Counsel litigating nursing home abuse cases have always had to take into account whether a facility had complied with some type of CMS staffing criteria or regulation. Counsel need to consider whether the minimum requirements will offer any kind of safe harbor or simply set up another battle over the admissibility of violations or of negligent hiring. Because the new rules require input from nursing home leadership, the rules could expose certain members of that group to additional liability and make their testimony more important to establishing or disputing liability.

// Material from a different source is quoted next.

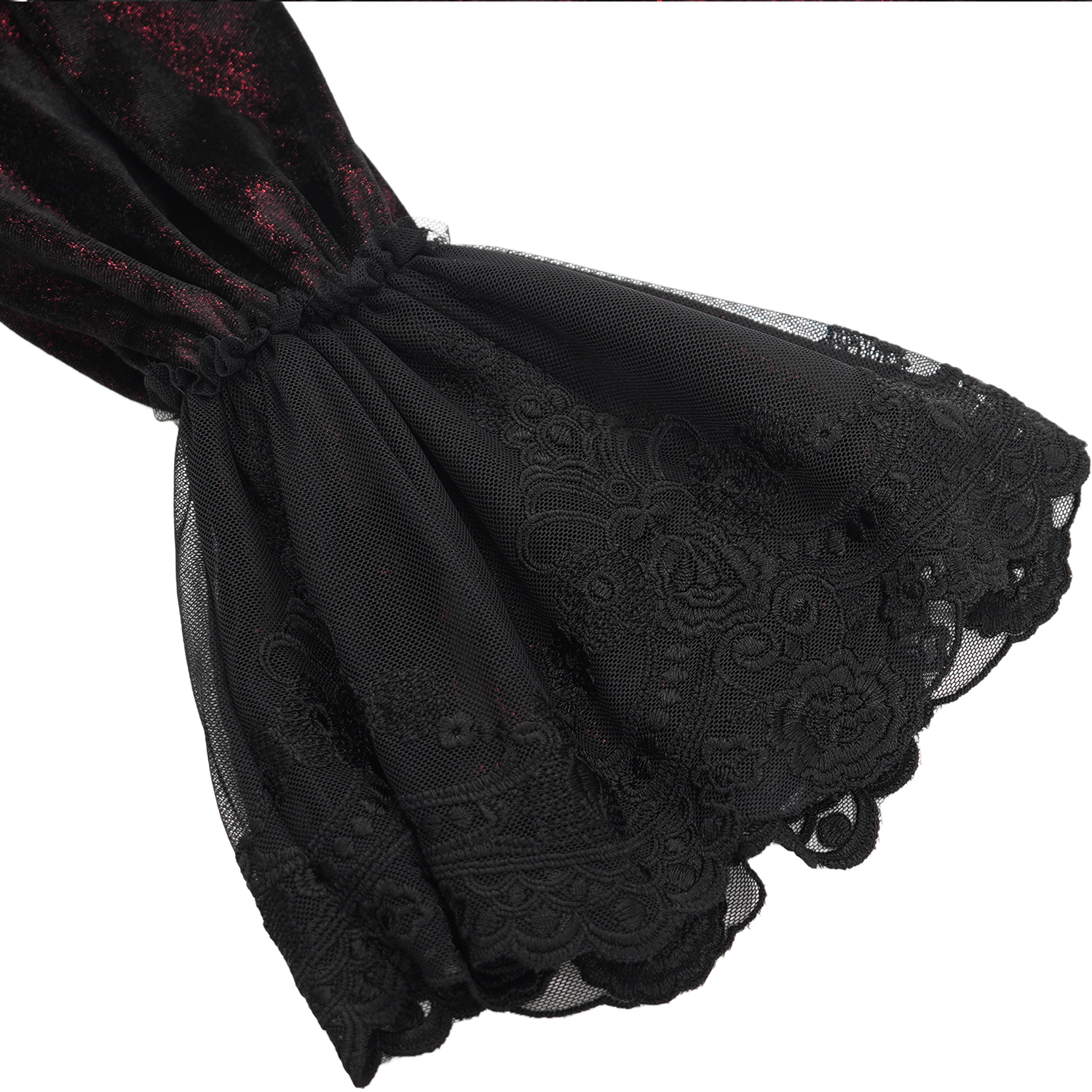 • Very original black gothic shirt • High ruffled neckline • Ruffles on the front • Tapered spikes on the shoulders • Puff sleeves • Cuffs adorned with lace • Engraved metal buttons • Also...

Listen as our experienced panel discusses the new staffing regulations and provide compliance suggestions, record keeping, and how they affect bringing or defending abuse cases alleging understaffing or negligent training, supervision, or hiring.
Presented By
Michael Brusca is a partner at Davis & Brusca, LLC and resides in Jenkintown, Pennsylvania. He holds a juris doctor (JD) from the Temple University School of Law. Since 2009, Michael has devoted his practice to representing vulnerable people and their families in abuse, neglect, and death cases in nursing homes, rehabs, assisted-living facilities, group homes, and hospitals. Education: JD, Temple University School of Law, 2002
Mr. Klele is a dedicated and knowledgeable healthcare attorney. He represents numerous clients in the healthcare industry, including group practices, ambulatory surgery centers, urgent care centers, telemedicine providers, laboratories, medispas, infusion centers, healthcare service firms, home health agencies, imaging centers, addiction centers, senior living facilities, management service organizations (MSOs), pharmacies, hospitals, and rural clinics, among others. Mr. Klele is well-versed in healthcare litigation, regulatory compliance matters, and transactional matters, providing comprehensive legal support to his clients. He is an experienced litigator, and with extensive knowledge of regulatory issues, Mr. Klele represents healthcare clients in a wide range of disputes including payor audits, healthcare reimbursement issues, including ERISA, and claims involving the federal False Claims Act and its state equivalents. He also represents his clients in contract disputes, partnership disputes, facility construction disputes, non-compete actions, as well as other general litigation matters. Additionally, Mr. Klele represents individual physicians and other healthcare professionals before their respective boards for investigations and disciplinary actions, as well as in other licensing matters.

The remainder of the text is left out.